**Action item:** Below are records with pictures. Reproduce exactly the lines from the line with "12 双手向外用力取出原车CD主机，拔出原车CD主机机尾线" to the line with "Il m'a aussi", inclusive, and leave each picture out.

[Opening Available data section]

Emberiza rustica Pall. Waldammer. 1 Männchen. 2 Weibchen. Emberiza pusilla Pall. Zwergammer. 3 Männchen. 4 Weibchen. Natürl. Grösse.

[Closing Available data section]
[Opening Available data section]

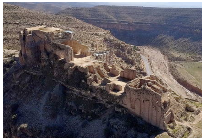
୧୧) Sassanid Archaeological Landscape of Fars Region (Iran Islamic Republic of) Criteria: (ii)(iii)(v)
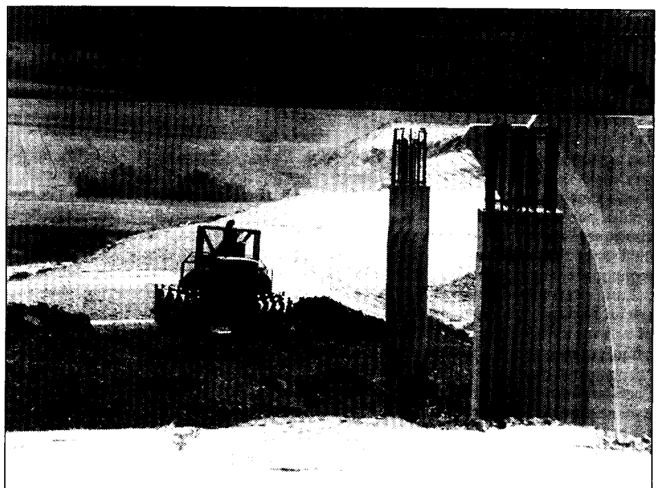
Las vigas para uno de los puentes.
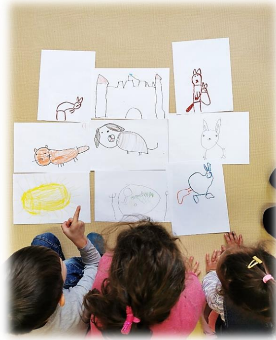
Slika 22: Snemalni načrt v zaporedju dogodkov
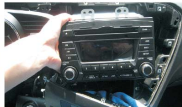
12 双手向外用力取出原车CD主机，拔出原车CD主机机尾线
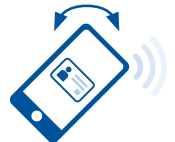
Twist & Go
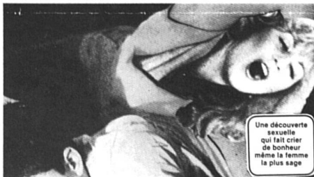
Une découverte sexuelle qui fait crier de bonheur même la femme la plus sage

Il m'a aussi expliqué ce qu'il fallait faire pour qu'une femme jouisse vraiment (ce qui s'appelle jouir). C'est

[Closing Available data section]

**Written response:**
12 双手向外用力取出原车CD主机，拔出原车CD主机机尾线
Twist & Go
Une découverte sexuelle qui fait crier de bonheur même la femme la plus sage

Il m'a aussi expliqué ce qu'il fallait faire pour qu'une femme jouisse vraiment (ce qui s'appelle jouir). C'est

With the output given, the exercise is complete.